◆ TASK GOAL ◆
Reproduce the data that follows character for character, but omit its pictures.

◆ SUPPLIED INFORMATION ◆
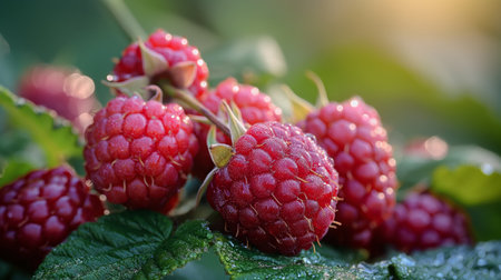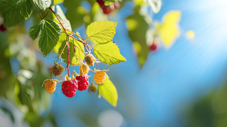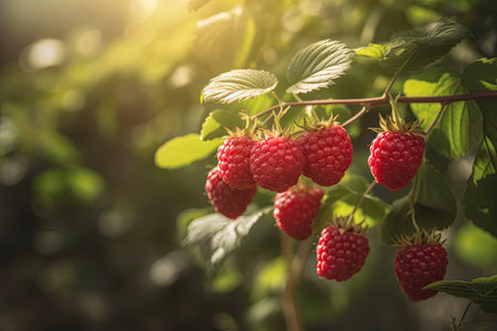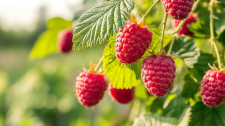 This vibrant image showcases fresh ripe red raspberries growing on a branch surrounded by green leaves, illuminated by bright sunlight, capturing the essence of summer.
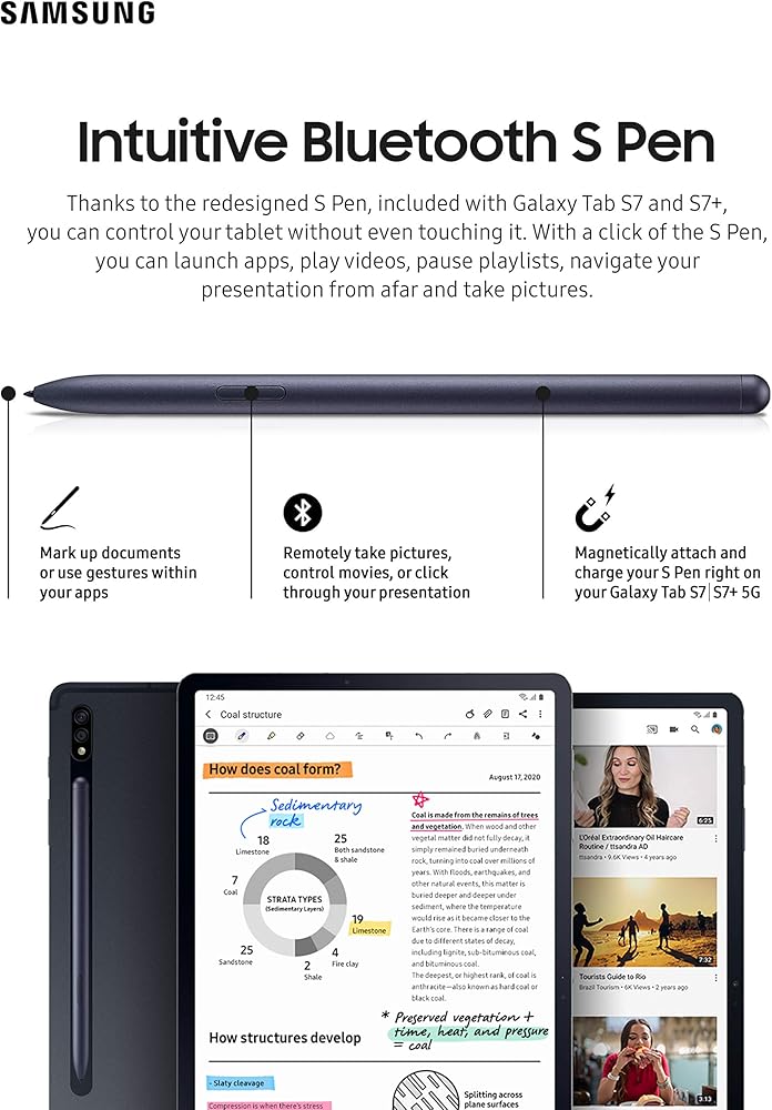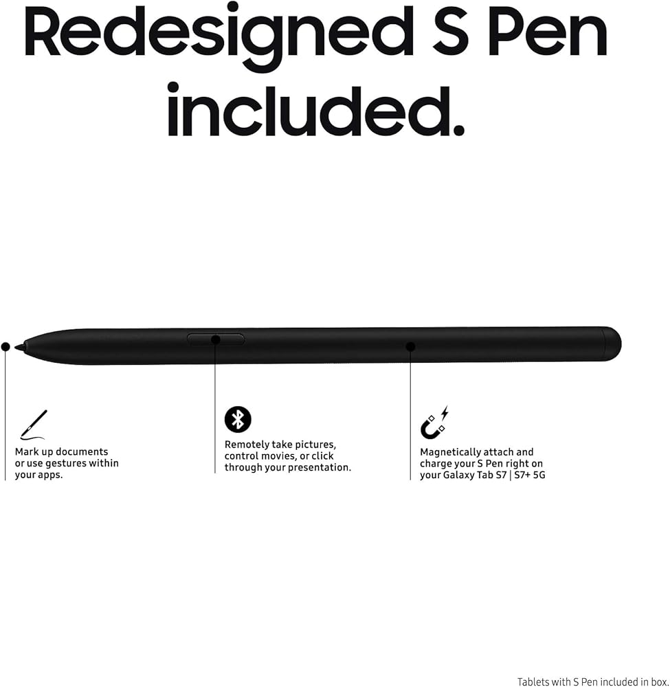 INTUITIVE BLUETOOTH S PEN: Thanks to the redesigned S Pen, included with Galaxy Tab S7 and S7+, you can control your tablet without even touching it. With a click of the S Pen, you can launch apps, play videos, pause playlists, navigate your presentation from afar and take pictures.
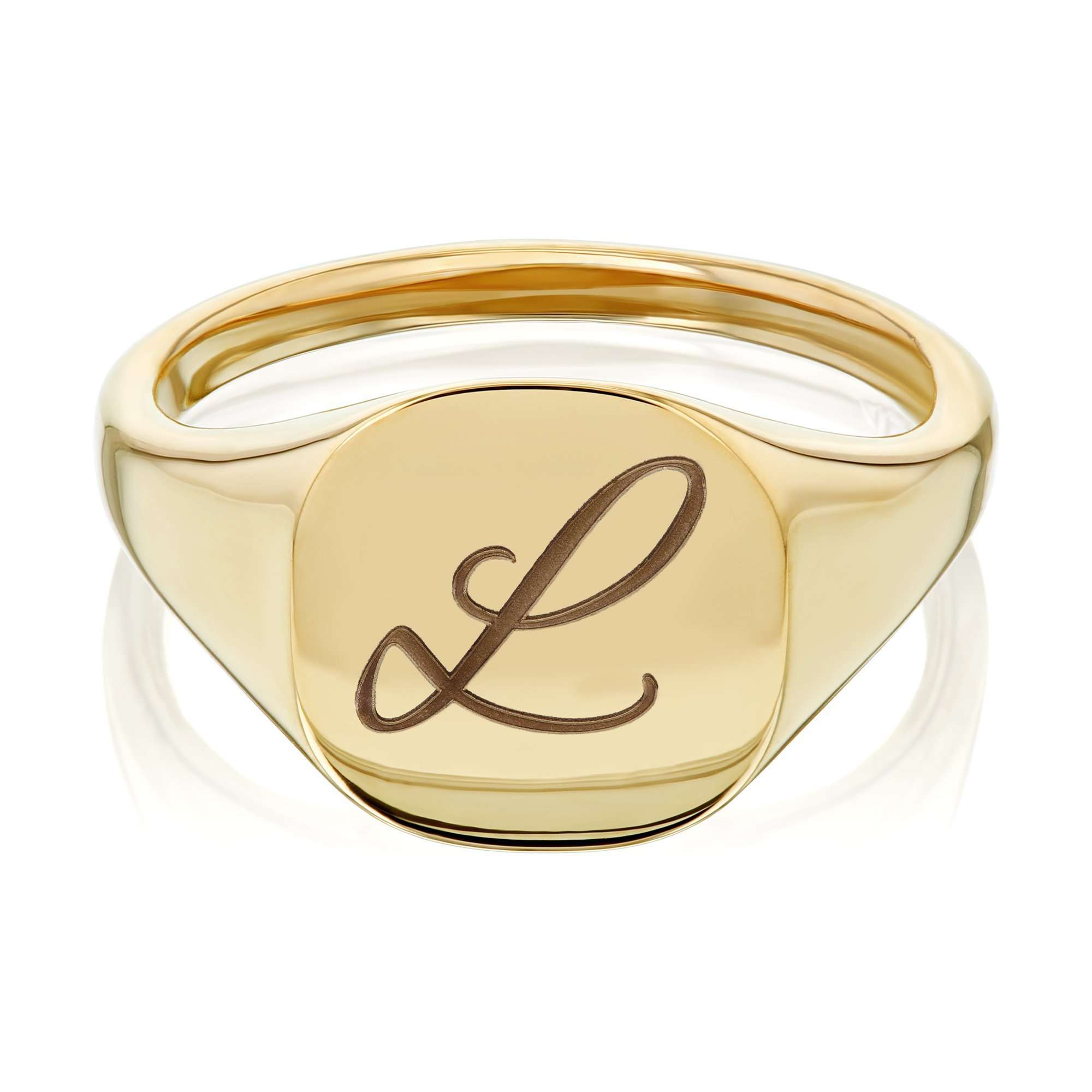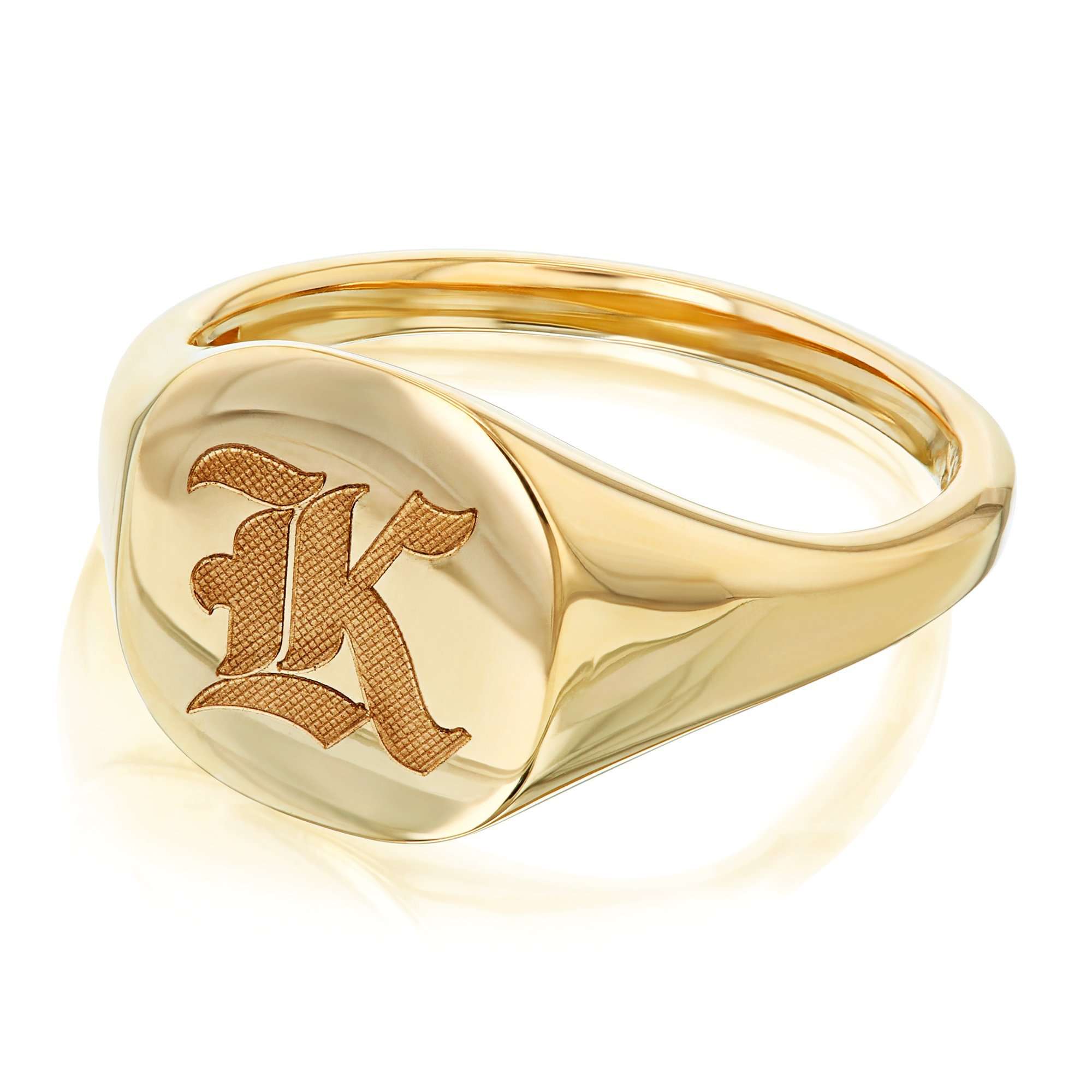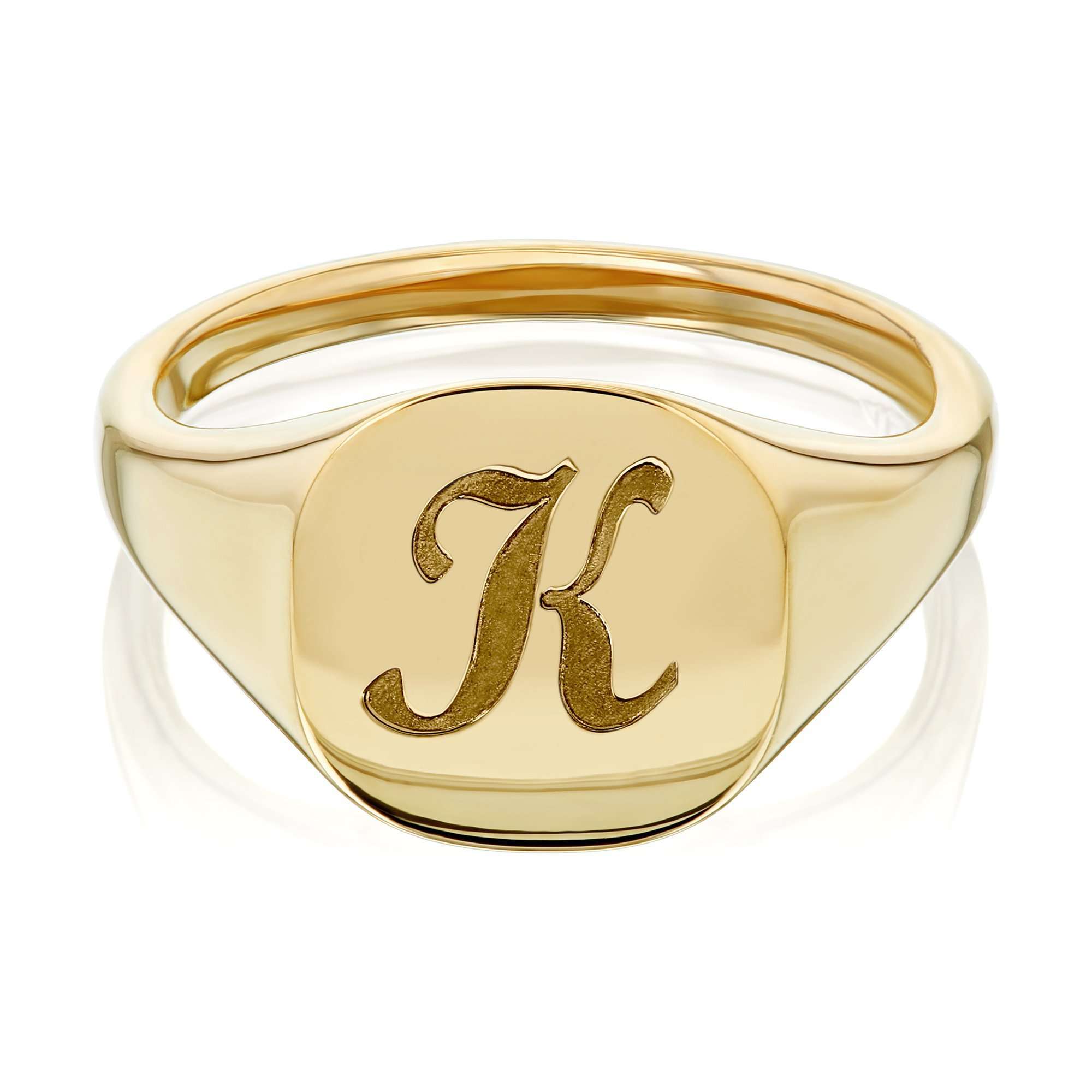 KOBELLI PERSONALIZED SIGNET INITIAL CUSHION 14K GOLD RING

◆ OUTPUT OF THE TASK ◆
 This vibrant image showcases fresh ripe red raspberries growing on a branch surrounded by green leaves, illuminated by bright sunlight, capturing the essence of summer.
 INTUITIVE BLUETOOTH S PEN: Thanks to the redesigned S Pen, included with Galaxy Tab S7 and S7+, you can control your tablet without even touching it. With a click of the S Pen, you can launch apps, play videos, pause playlists, navigate your presentation from afar and take pictures.
 KOBELLI PERSONALIZED SIGNET INITIAL CUSHION 14K GOLD RING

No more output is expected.